How much redundancy do modern CPU chips have? If a single transistor goes bad in...

teruakohatu · on June 15, 2020

I think the usual reply to that question is that it depends on which transistor.

Not quite the same thing but there was a Raspberry Pi board on the homepage earlier today which has hacksawed in half and still worked, the person who did that has also cut some microprocessors in half successfully and they still work because they were cutting off bits he does not plan on using and which are not required for the rest of the device or chip to function.

I am sure a AMD Ryzen CPU would work without a core or two. In fact they often disable cores before shipping by zapping a fuse. But if the same transistor on every core somehow blew, then you would probably be left with a dead CPU.

starky · on June 15, 2020

To be fair, that guy who cut the RPi merely cut off the USB ports, RJ45 jack, and the ethernet controller and maybe a couple caps. I don't think chopping off a couple of low pin count peripherals far away from the SoC and DRAM counts as "cutting the board in half"

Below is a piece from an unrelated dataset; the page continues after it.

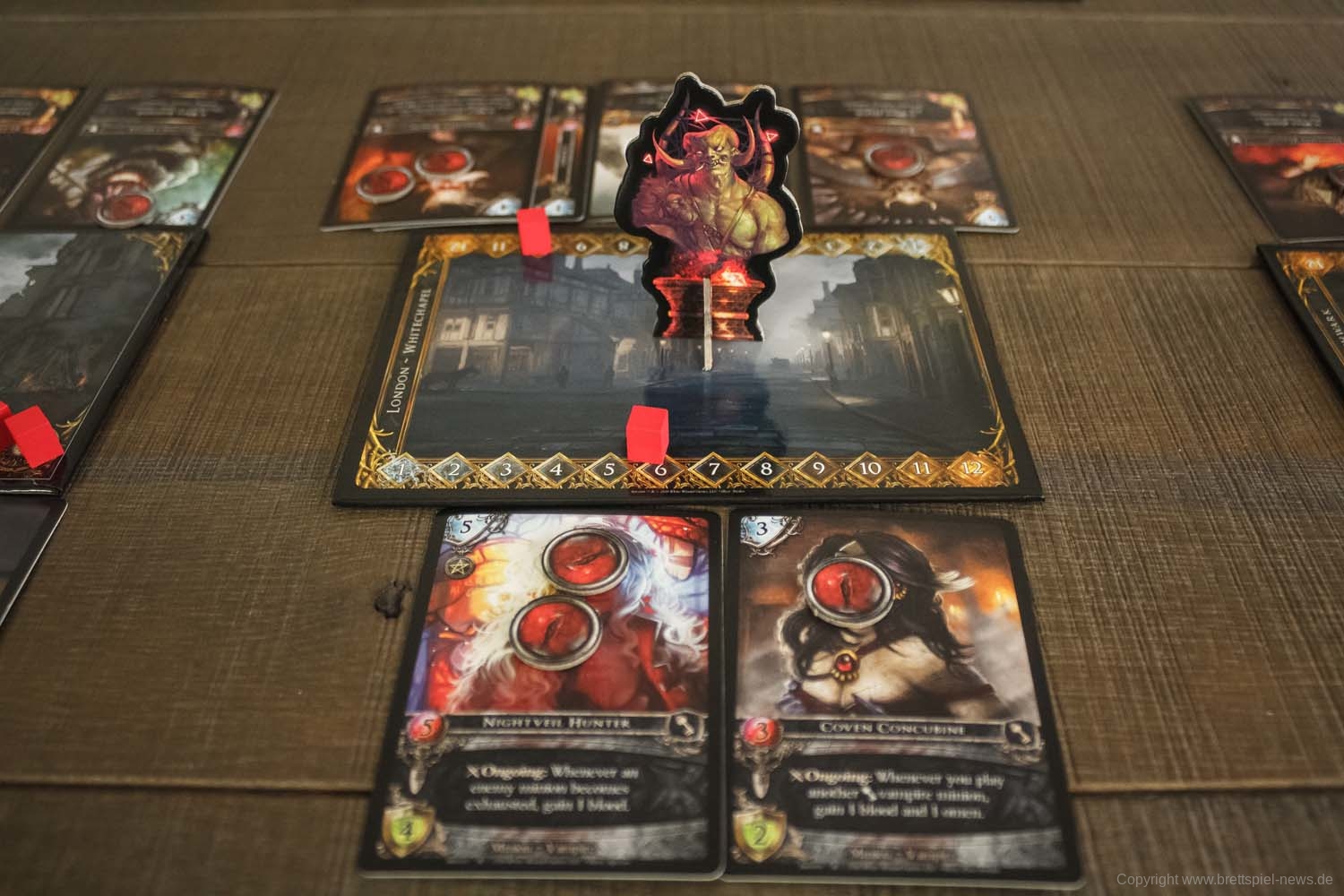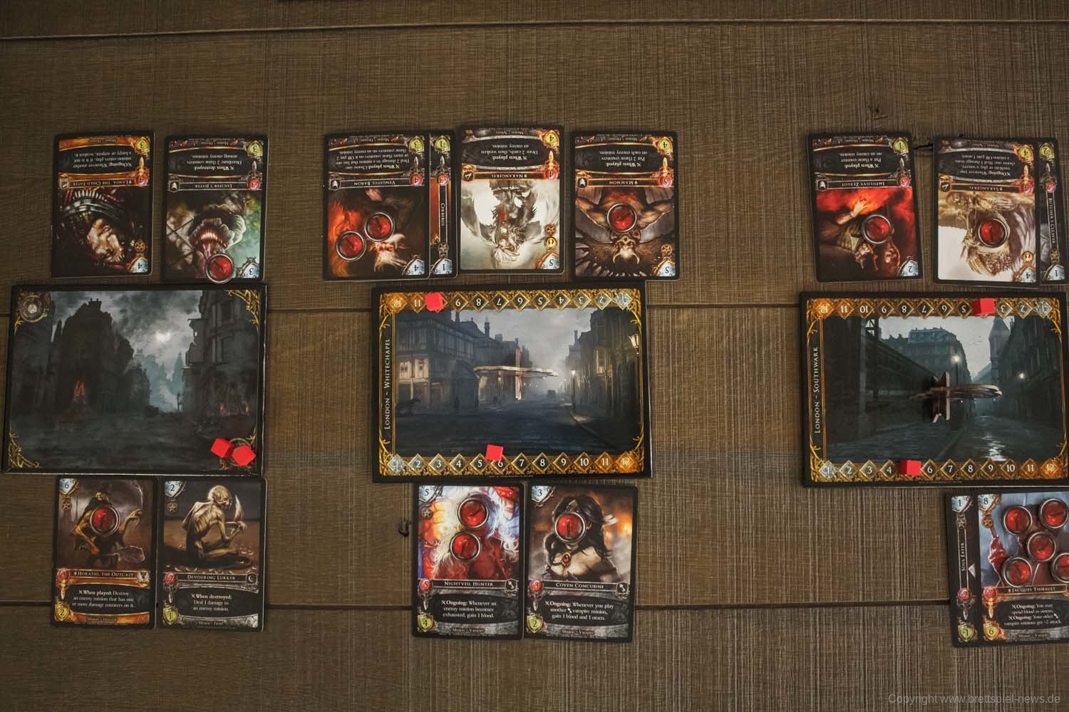 Es gibt drei verschiedene Schlachtfelder im Spiel, die verschiedene Abschnitte des viktorianischen London repräsentieren. Wenn du einen Diener spielst, musst du dich entscheiden, auf welches Schlachtfeld du ihn setzen willst. Er darf nur auf diesem Schlachtfeld angreifen und seine Fähigkeiten einsetzen. Wenn du später entscheidest, dass du es woanders brauchst, kannst du eine Aktion durchführen, um es auf ein benachbartes Schlachtfeld zu verschieben.

teruakohatu · on June 15, 2020

I did say it wasn't exactly the same thing but at least with some previous *Lake Intel CPUs the gfx took up quite a lot of the die. If you are using an external GPU quite a lot of transistors could fail and you could still use the CPU, just like hacksawing off the ethernet chip.

rwmj · on June 15, 2020

All on chip caches these days have ECC, so the literal answer to your question - if it's a single transistor, it would likely be fine.

However electronics doesn't really fail like that. A single transistor might be "zapped" by a cosmic ray, but that's a transient error. Electromigration causes the copper interconnects between parts of the circuit to break (https://en.wikipedia.org/wiki/Electromigration#Practical_imp...), especially parts that carry higher current for power distribution around the chip. I had an Intel C2000 fail in a server after 3 years because of this (https://www.theregister.com/2017/02/06/cisco_intel_decline_t...).

dannyw · on June 15, 2020

The Intel C2000 issues are nasty. I'm personally refusing to buy a J3XXX series Atom based Synology because of it.

rwmj · on June 15, 2020

Synology were actually great about it. The server was indeed a Synology 8 bay NAS from ~2016, and even though it failed after about 3½ years they replaced it with a refurbished one (which I couldn't tell the difference from new) within a few days. I didn't pay a penny. I hope they're charging all their costs back to Intel.

lostmsu · on June 15, 2020

My thoughts exactly. If a CPU could self-test reliably, and turn off parts of cache, cores, bus lines, etc. I don't think random failures would be a major problem.

Of course it might be too expensive to design such a feature.